Each line from the opening of the material through the line holding "认识个女孩子,不知道她对我有感觉没?求大神分析分析 点击展开 匿名用户" needs to be returned exactly, with the pictures left out.

— Information provided —
________________

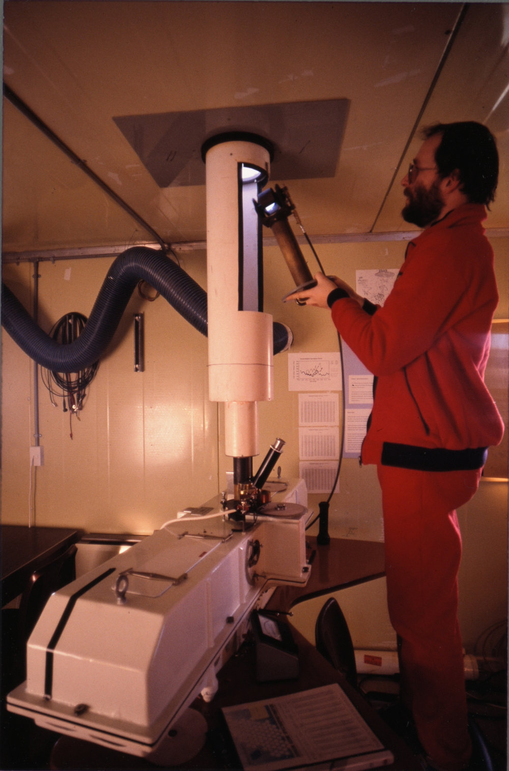 DescriptionRoss Martin inserts sunlight-catching prism of Dobson Spectrophotometer through roof at Arrival Heights.DepictsRoss MartinPhotographerKim WesterskovSeason1989-1990Date TakenBetween 1st September 1990 and 30th September 1990OriginalSlideNo. People1LocationArrival HeightsGeolocation[1] Position
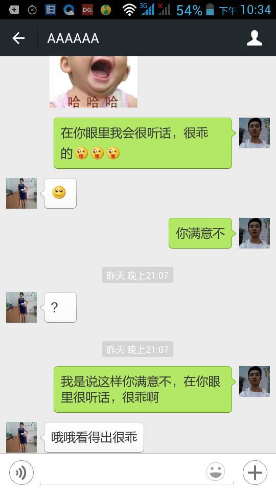 认识个女孩子,不知道她对我有感觉没?求大神分析分析 点击展开 匿名用户 2015-06-04 22:36 满意回答 这女孩子对你还是很有好感的。 帅哥希望你勇敢的去追求啊 匿名用户 2015-06-04 22:38 宝宝知道提示您:回答为网友贡献,仅供参考。 为您推荐: 其他回答 别不爱听哈,估计可能性不大呀,别人都是爱理不理的呀。 匿名用户 2015-06-04 22:53 这都看不出来?人都不想理你,自作多情 匿名用户 2015-06-04 22:49 我觉得这只是正常的微信聊天而已 匿名用户 2015-06-04 22:47 没有 匿名用户 2015-06-04 22:46 加载更多 相关问题 认识一个女孩子,前几天刚订婚了,只想我做情人,可是我发现自己很爱她,求大神帮助分析下 女生和别人说我像小孩,什么意思?女孩子来回答啊!大神们帮帮忙 大人为什么喜欢生男孩子,可男孩子却喜欢女孩子呢拜托各位大神
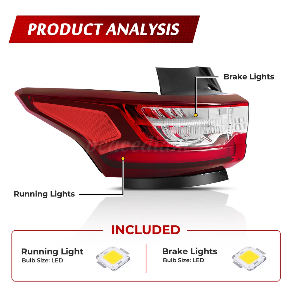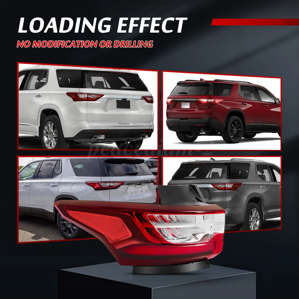 LED Red Tail Light For 2018-2021 Chevy Traverse Rear Lamp Left Driver Side Outer PRODUCT DETAILS Description: This car tail light assembly is 100% brand new in original factory packaging, ensuring excellent quality. It is perfectly compatible with your vehicle for a plug-and-play installation without any adjustments, allowing your car to quickly regain its optimal state. The lightweight design significantly reduces weight and improves energy efficiency. The high-efficiency LED light source provides greater brightness, longer lifespan, and energy savings. At night, this tail light enhances vehicle visibility, emitting a clear warning signal to build a safety barrier for you and other road users. Choose this tail light for a safer, more efficient, and eco-friendly driving experience. Specification: Type: Tail Light Assembly Light Type: LED Bulb: Included with and wiring harness OE Number: GM2804130, 84990362 Housing Color: Chrome Lens Color: Red Clear Material: Heavy-duty polycarbonate Placement on Vehicle: Rear, Outer, Left, Driver Side Fitment: Fit for 2018 2019 2020 2021 Chevrolet Traverse Not Fit for Redline Package Models Package Contents: 1×Tail Light (Outer Left, Driver Side) With LED bulbs and wiring harness Features: 【Brand New Factory Packaging】This tail light comes in 100% new factory packaging, unopened and untouched, preserving its original condition. It reflects confidence in product quality and is a testament to our commitment to your choice. 【Seamless Replacement, Plug-and-Play】Designed for convenience and peace of mind, this tail light is perfectly suited to your vehicle without requiring modifications or adjustments. The installation and performance match the original parts seamlessly for a true "plug-and-play" experience, restoring your car to its best condition quickly. 【Lightweight and Energy Efficient】With an advanced lightweight design, this tail light maintains strength while significantly reducing weight, contributing to overall vehicle efficiency. Combined with the high-efficiency LED light source, it delivers higher brightness and longer life while reducing energy consumption, supporting eco-friendly driving. 【Enhanced Safety for Night Driving】Nighttime journeys are safer with this tail light, which improves vehicle visibility and emits clear, attention-grabbing warning signals at crucial moments, providing a protective safety barrier for you and others on the road. Note: 1.Please confirm compatibility with your vehicle before purchasing. 2.Ensure the installation is secure before driving for safety. 3.Due to differences in display and lighting, the actual product may vary slightly from the images. 4.Installation instructions are not included; professional installation is highly recommended. PAYMENT We only support transactions on the ebay, do not support offline or private transactions. Please make sure the address is accurate before you pay. SHIPPING We do not ship to PO Box, Alaska/Hawaii, APO/FPO, and US Protectorates. Item(s) would be shipped out within 1~2 working days after received your confirmed payment. Weekends and holidays are not working days. We will choose different warehouses according to the customer's address and item stock, shipped from CA and PA in the United States. RETURN Buyers may return or exchange an item which damaged within 30 days. eBay & PayPal money back guaranteed. CUSTOMER SERVICE We are committed to provide the best purchase experience for our customers. If you have any questions, just feel free to contact us, we respond queries within 24 hours in business days.

________________

— Completed exercise —
 DescriptionRoss Martin inserts sunlight-catching prism of Dobson Spectrophotometer through roof at Arrival Heights.DepictsRoss MartinPhotographerKim WesterskovSeason1989-1990Date TakenBetween 1st September 1990 and 30th September 1990OriginalSlideNo. People1LocationArrival HeightsGeolocation[1] Position
 认识个女孩子,不知道她对我有感觉没?求大神分析分析 点击展开 匿名用户 2015-06-04 22:36 满意回答 这女孩子对你还是很有好感的。 帅哥希望你勇敢的去追求啊 匿名用户 2015-06-04 22:38 宝宝知道提示您:回答为网友贡献,仅供参考。 为您推荐: 其他回答 别不爱听哈,估计可能性不大呀,别人都是爱理不理的呀。 匿名用户 2015-06-04 22:53 这都看不出来?人都不想理你,自作多情 匿名用户 2015-06-04 22:49 我觉得这只是正常的微信聊天而已 匿名用户 2015-06-04 22:47 没有 匿名用户 2015-06-04 22:46 加载更多 相关问题 认识一个女孩子,前几天刚订婚了,只想我做情人,可是我发现自己很爱她,求大神帮助分析下 女生和别人说我像小孩,什么意思?女孩子来回答啊!大神们帮帮忙 大人为什么喜欢生男孩子,可男孩子却喜欢女孩子呢拜托各位大神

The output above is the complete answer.